Anyhoo ... Go Bills!

January 6, 2008

Errands, Mahoney style


Pick up the kids, get groceries, maybe stop by Home Depot. I don't KNOW. I DON'T KNOW IF WE'LL HAVE ENOUGH TIME!!!!




Sure, that's what the errands might sound like in your house. But here at Mahoney Central, it's a very different story:




1. Apple Store for Word for Mac.


2. Lego store to drool over new line of Indiana Jones toys.


3. Barnes & Noble to pick out new books.


4. Berman's for some wine, Blithering Idiot, and Magic Hat #9.

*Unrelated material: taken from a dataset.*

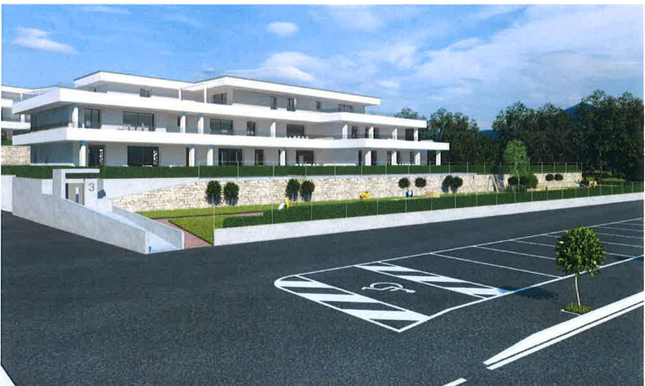
Figura 7. Ripresa fotografica da Via Cesare Battisti verso l'area di intervento.

5. Walgreens to pick up the photos.




That's how we roll.




January 4, 2008

I'm hooked.

I remember the first time I laid eyes on a GameBoy. It was, and I think still is, a mind-blowing development to the world of electronic gaming. I remember being jealous at first of my friend as he showed me this crazy new game, Tetris, though the feeling didn't last long because less than a year later I was afforded a GB of my own.
Nintendo's come very far since then, but still earns its reputation as innovator with the release of the Wii. Sure, they could have spent more time developing the graphics and sound over the functionality of its remote system, but that remote is what sets it apart in the personal gaming market.
When I bought mine a couple months ago, it didn't occur to me that the giddiness I experienced was much like that of my first GameBoy experience.
Like many things, you had to be there to know what I'm talking about. By that I mean if you weren't introduced to the GameBoy when it was a new product, then this video doesn't carry much weight.
To me, it's fascinating. Nostalgic and artful and a little crazy, all at once. I can relate to that.